# Nannyberry...



## elevan (Aug 5, 2011)

Yesterday I took a plant specimen to the county extension office for identification.  I had the guy stumped...looked like a blueberry but at the same time not...had characteristics of elderberry but we knew that wasn't it.  Was it a hybrid of the two?  That's what he thought at first.  He said he'd have to do some research and get back to me.

My goats and llama love the bush.  It grows quite prolifically here and they will take a stand of it right to the ground.  It's got loads of blue berries on it and I hoped it would be edible to humans...I knew it wasn't causing any harm to the animals who were eating it.

He called me back a little while ago with a name - Nannyberry.    I just had to laugh!  How appropriate of a name is that?!?

Turns out it is indeed edible to animals and humans.  Berries ripen at the end of this month here so I'll be harvesting and making some nannyberry jam.


----------



## ksalvagno (Aug 5, 2011)

I bet that is what we have at the back of our property.
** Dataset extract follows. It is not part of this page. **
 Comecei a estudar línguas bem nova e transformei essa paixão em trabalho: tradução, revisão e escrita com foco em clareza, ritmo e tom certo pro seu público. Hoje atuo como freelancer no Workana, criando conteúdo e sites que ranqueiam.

We were just discussing what it could possibly be. Cool!


----------



## elevan (Aug 5, 2011)

I'll try to get some good pictures of it to post.


----------



## ksalvagno (Aug 5, 2011)

Here are pictures of what I have:


----------



## elevan (Aug 5, 2011)

Yep! That's the Nannyberry!


----------



## redtailgal (Aug 5, 2011)

x


----------



## ksalvagno (Aug 5, 2011)

Well, DH tried one. The look on his face was priceless!   Needless to say, they definitely aren't ready to eat yet.


----------



## elevan (Aug 5, 2011)

redtailgal said:
			
		

> It does look like our elderberry.......but we know ours is an elderberry.
> 
> We never get to eat the berries though, the birds enjoy them too much.
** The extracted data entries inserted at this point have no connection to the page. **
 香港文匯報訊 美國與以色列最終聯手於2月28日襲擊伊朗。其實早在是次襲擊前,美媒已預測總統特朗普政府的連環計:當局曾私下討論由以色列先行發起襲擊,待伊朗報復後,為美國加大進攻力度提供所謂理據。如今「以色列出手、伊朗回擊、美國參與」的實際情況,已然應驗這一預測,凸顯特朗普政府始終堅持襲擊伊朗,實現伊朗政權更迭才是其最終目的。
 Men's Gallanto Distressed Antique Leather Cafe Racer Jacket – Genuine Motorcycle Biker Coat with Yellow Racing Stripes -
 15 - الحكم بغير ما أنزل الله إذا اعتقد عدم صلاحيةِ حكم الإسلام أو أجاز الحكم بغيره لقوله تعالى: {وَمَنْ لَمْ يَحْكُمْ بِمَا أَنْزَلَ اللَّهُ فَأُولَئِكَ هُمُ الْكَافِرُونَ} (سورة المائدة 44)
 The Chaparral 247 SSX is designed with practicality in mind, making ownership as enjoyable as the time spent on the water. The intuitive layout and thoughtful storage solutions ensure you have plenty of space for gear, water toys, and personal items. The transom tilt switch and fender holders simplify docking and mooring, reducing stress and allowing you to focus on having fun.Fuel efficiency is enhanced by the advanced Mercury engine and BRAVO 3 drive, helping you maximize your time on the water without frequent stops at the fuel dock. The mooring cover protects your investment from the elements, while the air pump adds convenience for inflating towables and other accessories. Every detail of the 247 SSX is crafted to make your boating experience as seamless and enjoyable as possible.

Yeah, it has characteristics of the elderberry, such as the way the berries cluster.  The berries resemble blueberries and the leaves are similar to the blueberry except the blueberry doesn't have opposite leaves and the nannyberry does.

We are lucky enough to be able to get elderberries and (now) nannyberries before the birds for some reason...we just have to beat the goats as they love them too.
If we like the results of the nannyberry jam that I plan to make we'll fence around the majority of the bushes to protect them from the goats as we have the elderberries  

My youngest boy turns his fingers and face purple from eating elderberries straight from the bush!  I can't stand them unsweetened...too bitter.


----------



## elevan (Aug 5, 2011)

ksalvagno said:
			
		

> Well, DH tried one. The look on his face was priceless!   Needless to say, they definitely aren't ready to eat yet.
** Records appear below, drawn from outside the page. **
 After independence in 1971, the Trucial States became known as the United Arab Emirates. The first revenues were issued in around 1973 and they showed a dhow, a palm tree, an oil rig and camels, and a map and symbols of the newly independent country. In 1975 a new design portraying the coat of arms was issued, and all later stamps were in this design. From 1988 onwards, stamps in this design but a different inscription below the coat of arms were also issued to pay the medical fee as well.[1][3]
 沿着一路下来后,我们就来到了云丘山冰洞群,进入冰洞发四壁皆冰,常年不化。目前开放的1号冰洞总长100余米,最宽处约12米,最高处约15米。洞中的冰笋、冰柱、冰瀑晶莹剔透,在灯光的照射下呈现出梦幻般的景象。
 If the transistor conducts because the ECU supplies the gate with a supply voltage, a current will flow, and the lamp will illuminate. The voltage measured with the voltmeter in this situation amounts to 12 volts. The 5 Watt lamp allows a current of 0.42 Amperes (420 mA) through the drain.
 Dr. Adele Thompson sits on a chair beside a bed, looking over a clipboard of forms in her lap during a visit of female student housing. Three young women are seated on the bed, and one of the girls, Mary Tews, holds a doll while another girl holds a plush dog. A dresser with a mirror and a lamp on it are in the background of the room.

From what I've been able to research they'll be ready in late August to mid September in our area of Ohio   And it seems that they are best used dried or heavily sweetened (which is why I plan to make jam)


----------



## Ms. Research (Aug 6, 2011)

Glad to hear "the Mystery of the Berry" has been solved.  (Big Mystery reader, sorry).  Will look forward to read how your jam comes out with your "Nanny"  berries.  

Hope the goats and llama get them all before the end of August.


----------



## elevan (Aug 6, 2011)

Nah, we've got bushes outside the field too...so the goats and llama wouldn't get them all regardless.


----------



## Ms. Research (Aug 6, 2011)

elevan said:
			
		

> Nah, we've got bushes outside the field too...so the goats and llama wouldn't get them all regardless.


Excellent!   Sounds like the best of both worlds for all!


----------



## Roll farms (Aug 6, 2011)

I've got a mental image of the goats tying their 'nannyberries' to the bush in place of the ones they stole from you....


----------



## Pearce Pastures (Aug 6, 2011)

That is cute---nannyberry!  They do look so much like a blueberry bush.


----------



## elevan (Aug 6, 2011)

Roll farms said:
			
		

> I've got a mental image of the goats tying their 'nannyberries' to the bush in place of the ones they stole from you....


  I know, right!?!  

I just started laughing when the guy told me the name of the bush - how appropriate!


----------